§ TASK INSTRUCTIONS: Repeat the listing word for word. No pictures belong in the copy.

§ SOURCE DATA:

*** Block opens ***

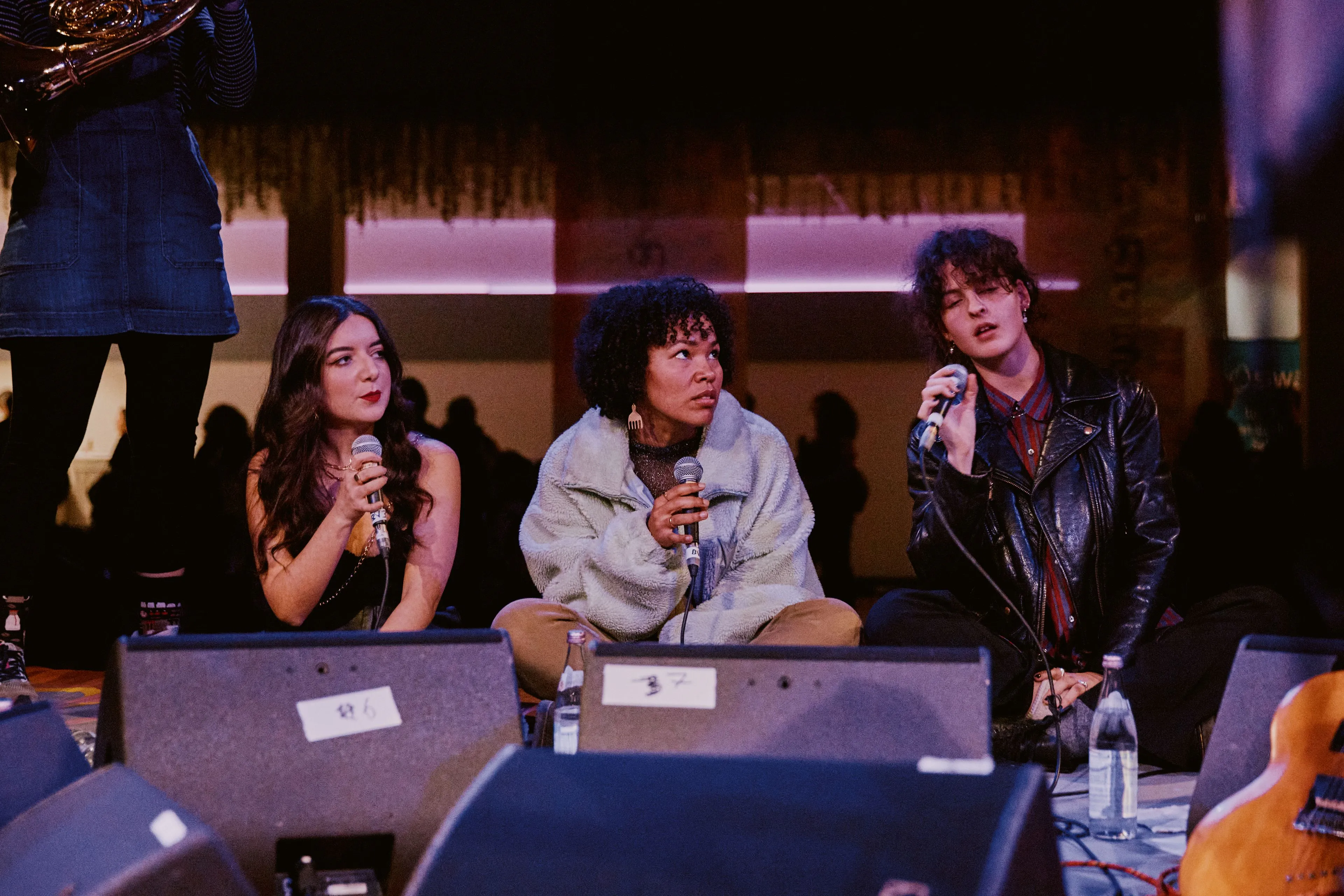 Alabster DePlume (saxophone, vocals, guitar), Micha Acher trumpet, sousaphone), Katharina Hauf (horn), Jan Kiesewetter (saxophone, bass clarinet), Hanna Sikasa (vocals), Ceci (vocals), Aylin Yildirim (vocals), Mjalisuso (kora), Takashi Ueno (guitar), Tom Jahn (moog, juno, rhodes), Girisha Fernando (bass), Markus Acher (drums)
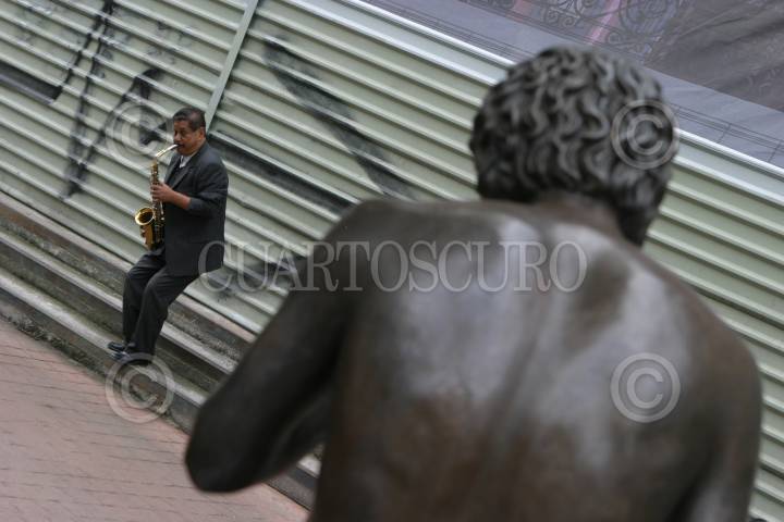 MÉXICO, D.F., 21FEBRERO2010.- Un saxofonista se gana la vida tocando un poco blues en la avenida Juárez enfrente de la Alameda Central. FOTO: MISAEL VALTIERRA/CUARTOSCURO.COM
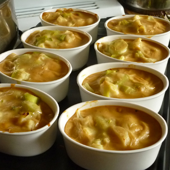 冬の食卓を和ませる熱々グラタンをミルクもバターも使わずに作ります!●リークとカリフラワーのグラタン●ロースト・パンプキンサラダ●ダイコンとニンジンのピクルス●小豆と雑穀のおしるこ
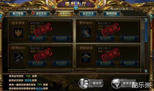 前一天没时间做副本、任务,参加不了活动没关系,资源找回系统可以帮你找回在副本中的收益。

*** Block closes ***

§ ANSWER:
 Alabster DePlume (saxophone, vocals, guitar), Micha Acher trumpet, sousaphone), Katharina Hauf (horn), Jan Kiesewetter (saxophone, bass clarinet), Hanna Sikasa (vocals), Ceci (vocals), Aylin Yildirim (vocals), Mjalisuso (kora), Takashi Ueno (guitar), Tom Jahn (moog, juno, rhodes), Girisha Fernando (bass), Markus Acher (drums)
 MÉXICO, D.F., 21FEBRERO2010.- Un saxofonista se gana la vida tocando un poco blues en la avenida Juárez enfrente de la Alameda Central. FOTO: MISAEL VALTIERRA/CUARTOSCURO.COM
 冬の食卓を和ませる熱々グラタンをミルクもバターも使わずに作ります!●リークとカリフラワーのグラタン●ロースト・パンプキンサラダ●ダイコンとニンジンのピクルス●小豆と雑穀のおしるこ
 前一天没时间做副本、任务,参加不了活动没关系,资源找回系统可以帮你找回在副本中的收益。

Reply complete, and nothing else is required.